Another thing I recall is driving home, sitting on Mom's lap, while Dad drove (the Nova? Dodge Dart? Some kind of Dodge?) and I was crying. Mom was trying to console me and I stopped. Not because of Mom bouncing me, but because I just remember staring at that same wooden flume as we drove down to Petty Harbour and being kind of mesmerized by the effect of watching its ribbed ridges rolling by (like the wagon wheel effect, where something moving quickly can appear to strobe). It was winter or late spring because there were little patches of snow everywhere. Not only do I remember that, but I remember I had a cast on my arm, which wasn't itchy or anything, but my coat sleeve was tightly pulled on over it. The coat was like a little trench coat and it was a funny green, and it had a matching hat. I liked the hat because it looked like Robin Hood's cap. But all of that would've happened when I was two years old (and a bit). Is it possible I remembered all of that? Or is it more likely, that I've been told I had my arm in a cast, and I'd seen a picture of myself in that coat, and that the drive down to Petty Harbour took place much later on some return errand with Dad, when I was 5 or 7 or 8 or something? Or did I dream the whole thing? Was it an amalgam of scraps that my mind pasted together from a photo, a story, a drive on a Sunday?

I guess you never know. The image in my mind of the rectory where we lived is mostly from the photo we used to have at the bottom of the stairs. That and the view out from the porch. Another memory I may or may not have is of sitting on the front step with the door open, and Mom coming out to say, "In or out? You can't sit there with the door open.

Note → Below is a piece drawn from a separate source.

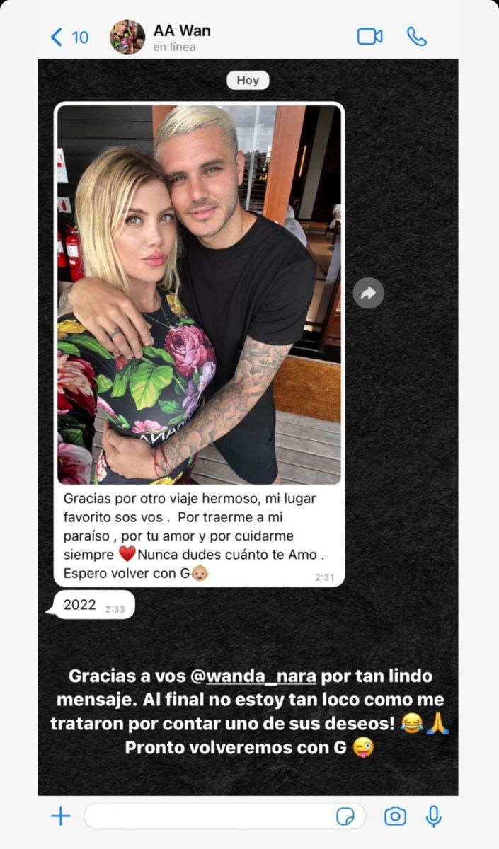 Por su parte, Icardi compartió la foto y expresó: “Gracias a vos Wanda por tan lindo mensaje. Al final no estoy tan loco como me trataron por contar uno de sus deseos. Pronto volveremos con G”.
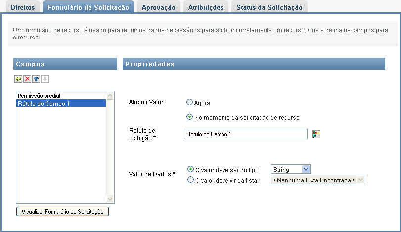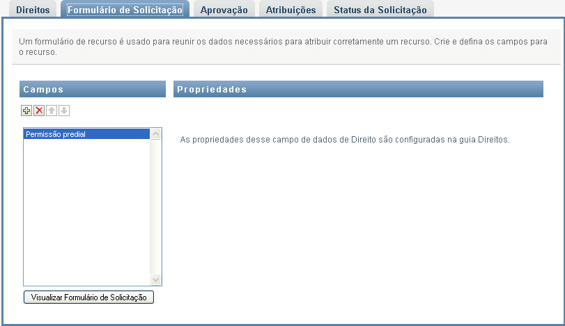 Para obter detalhes sobre como trabalhar com o formulário de solicitação, consulte Atribuindo um recurso do catálogo.

Flies and buzzy things will get in." then she made a sort of buzzing noise like a bee as I got up and went inside.

I guess it doesn't matter if it's real or not. It's not like I'm sitting in court being cross examined on the accuracy of my mother's insect impersonations. It's a nice memory or thought and I'm glad to have it.

Updated with corrections November 28, 2016. An earlier version referred to the wooden pipeline as supplying water to the fish plant rather than actually being the flume providing water to the hydro-electric station.